RECORDED INFORMATION:
[Start of section]

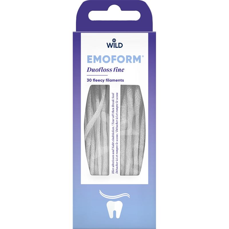 Mit zwei steifen Enden zum Einfädeln und einer Flauschbürste in der Mitte.
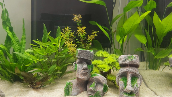 Beaucoup de changements au niveau de la déco, boutures de plantes dans tout le fond de l'aquarium faites par moi-même ainsi que de nouvelles plantes de premier plant , installation de pierres qui ont été bouillis au préalable ainsi que 2 racines qui ont été bouillis 2 fois 3 heures puis passées 2 mois en extérieur au soleil (habitant le sud) puis de nouveau bouilles 4 fois 2 heures, installation également de tubes pour cachettes puis installation d'une pompe externe et d'un nouveau chauffage ?? Je vous posterai par la suite des photos avec les évolutions des boutures dans le fond de l'aquarium pour l'évolution ?
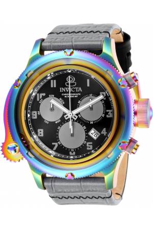 Band For Invicta Russian Diver 26588, Band Material Leather, Band Color Black, Dark Grey, Band Width 26 mm, Band Length 210 mm, Buckle Type Fold over safety, Clasp Type Safety, Deployment
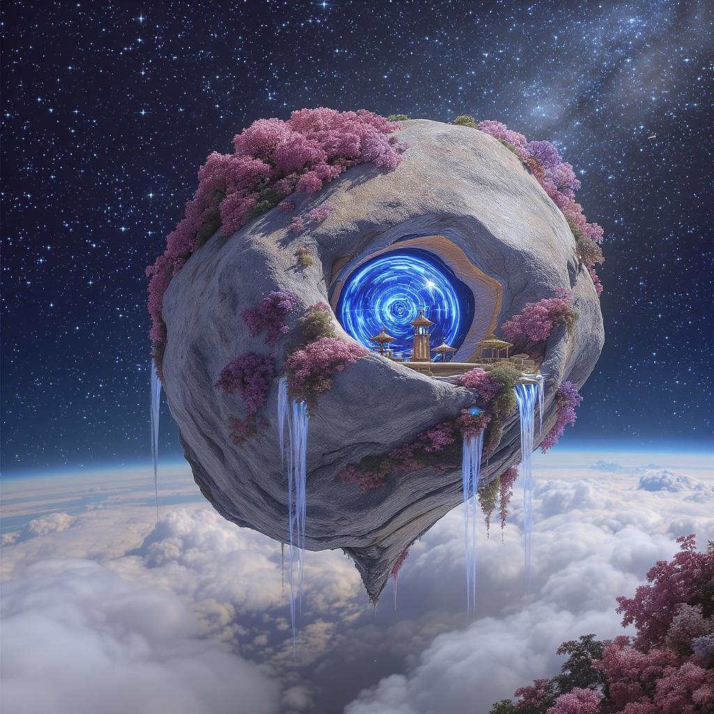 A stunning abode sculpted from a colossal asteroid, suspended in the sky::ethereal and dreamlike imagery::unbelievably breathtaking celestial haven --ar 3:4 --q 2 --v 5

[End of section]

DIRECTIONS:
Skip the pictures; extract only the lines from the line with "Beaucoup de changements" through the final line of the material, exactly as they appear.

PROBLEM SOLUTION:
 Beaucoup de changements au niveau de la déco, boutures de plantes dans tout le fond de l'aquarium faites par moi-même ainsi que de nouvelles plantes de premier plant , installation de pierres qui ont été bouillis au préalable ainsi que 2 racines qui ont été bouillis 2 fois 3 heures puis passées 2 mois en extérieur au soleil (habitant le sud) puis de nouveau bouilles 4 fois 2 heures, installation également de tubes pour cachettes puis installation d'une pompe externe et d'un nouveau chauffage ?? Je vous posterai par la suite des photos avec les évolutions des boutures dans le fond de l'aquarium pour l'évolution ?
 Band For Invicta Russian Diver 26588, Band Material Leather, Band Color Black, Dark Grey, Band Width 26 mm, Band Length 210 mm, Buckle Type Fold over safety, Clasp Type Safety, Deployment
 A stunning abode sculpted from a colossal asteroid, suspended in the sky::ethereal and dreamlike imagery::unbelievably breathtaking celestial haven --ar 3:4 --q 2 --v 5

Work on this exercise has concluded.